L’Algérie, qui a installé un contexte de répression massif ciblant quotidiennement des militants des droits humains, des opposants, des journalistes et des blogueurs critiques à l’égard du régime, vient de se prononcer sur l’affaire Pegasus et s’en prend au Maroc. Dans un pays où une centaine de personnes sont emprisonnées pour des faits liés aux libertés individuelles, cette sortie ne manque pas d’amuser.
L’Algérie a exprimé, jeudi 22 juillet, sa «profonde préoccupation» à la suite de révélations sans fondement dévoilées par un consortium de médias (dont Le Monde) selon lesquelles le Maroc aurait eu recours au logiciel Pegasus. Une étude très contestée qui a poussé le Maroc d’attaquer en diffamation Amnesty International et Forbidden Stories devant le tribunal correctionnel de Paris.
«L’Algérie exprime sa profonde préoccupation suite aux révélations (…) faisant état de l’utilisation à large échelle par les autorités de certains pays (…) d’un logiciel d’espionnage dénommé Pegasus contre des responsables et citoyens algériens», affirme le ministère des affaires étrangères dans un communiqué. Des récriminations venant d’un pays où Internet fait l’objet d’un contrôle croissant, touchant à la fois les activités des médias en ligne et des blogueurs critiques à l’égard du pouvoir, et mobilisant tout un arsenal juridique répressif, au point qu’une une réforme du code pénal a été adoptée en avril 2020 visant à «criminaliser» la diffusion de fausses nouvelles. Le texte liberticide a été dénoncé comme une grave menace à la liberté d’expression et de presse par plusieurs organisations de défense des droits humains.
Quelques semaines seulement, le régime algérien a dénoncé un éditorial du journal Le Monde «empreint d’une hostilité inouïe à l’égard d[u] pays, de ses institutions et de ses symboles, grossièrement intitulé : l’Algérie dans l’impasse autoritaire», relevant «les expressions subjectives usitées dans le papier telles que le régime, façade civile aux militaires, réflexes autoritaires et répression massive, relèvent, en effet, des clichés éculés, véhiculés et ressassés sans cesse par un nombre de médias». Les révélations du Monde ne sont donc bonnes que lorsqu’elles ciblent le Maroc ?
Pire encore, en octobre 2020, le régime a adopté un projet de décret destiné à mieux «encadrer les activités des médias en ligne». Il y est notamment prévu que les sites électroniques soient «exclusivement» hébergés en Algérie. «Toutes les ressources (matérielles, logicielles, humaines, création, exploitation) nécessaires à l’hébergement d’un site devront être également en Algérie». Un texte dénoncé par les activistes des droits qui affirment que le pouvoir politique veut exercer directement sa tutelle sur les médias, à travers la concentration et la financiarisation des médias pour assoir toutes les formes de sa domination : économique, politique et médiatique.
Lé régime algérien a déclaré «condamner vigoureusement cette inadmissible atteinte systématique aux droits de l’Homme et libertés fondamentales qui constitue également une violation flagrante des principes et normes régissant les relations internationales», dénonçant une «pratique illégale, malvenue et dangereuse». Le même régime, faut-il le rappeler, qui a bloqué plusieurs sites d’information, installant le verrouillage du paysage médiatique indépendant, en ligne notamment, et l’offensive contre la liberté de la presse et d’expression.
Le régime algérien avait mené une offensive de taille à l’encontre du site Casbah Tribune et nombreux sites d’information qui ont subi une violente censure par les autorités en 2020, à l’instar de Radio M, Maghreb Emergent, Interlignes, L’Avant-Garde et TSA (Tout sur l’Algérie).

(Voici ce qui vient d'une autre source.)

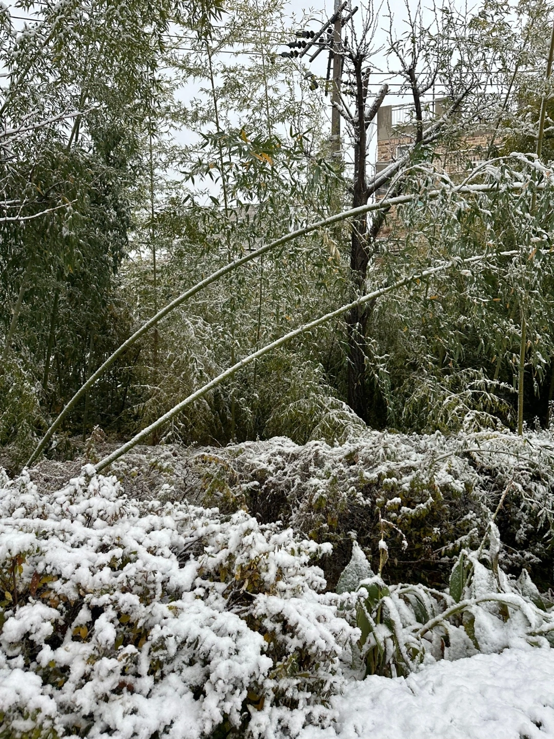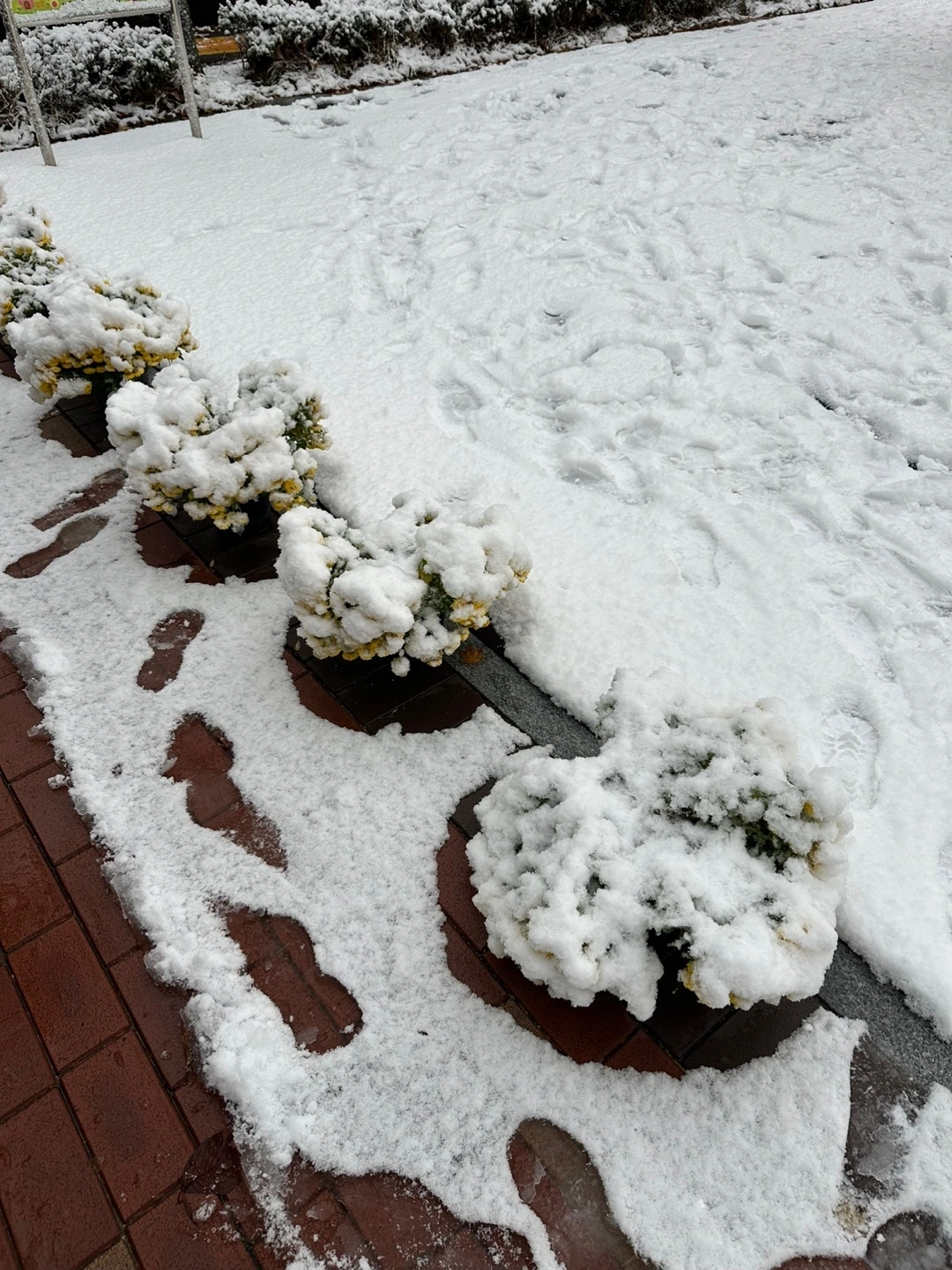 노란 국화 화분위에도 소담히 내려앉은 눈. 보통 나뭇잎이 다 떨어진 앙상한 가지에 눈이 내리는데 이런 경광은 처음이라 낯설지만 재미있다. 나뭇잎 위로 내린 눈이 무거워 줄기가 휘어진 가지를 보니 여기가 꿈과 환상의 세계로 들어가는 입구 같기도 하다.

Reporters sans frontières (RSF) a contesté régulièrement les intimidations contre la liberté de la presse en Algérie, condamnant «vigoureusement la censure de médias libres et indépendants».
Cette énième surenchère contre le Maroc survient après qu’Alger eut décidé récemment de rappeler son ambassadeur à Rabat pour «consultations» à la suite de déclarations de l’ambassadeur du Maroc aux Nations unies en faveur de l’autodétermination du «vaillant peuple kabyle». Une ligne rouge pour Alger qui bride depuis des décennies velléité indépendantiste de la Kabylie, région berbérophone frondeuse du nord-est de l’Algérie.
L’Algérie figure à la 146e place (sur 180) du classement mondial de la liberté de la presse 2020 établi par RSF, un recul de cinq places par rapport à 2019 et de vingt-sept places par rapport à 2015.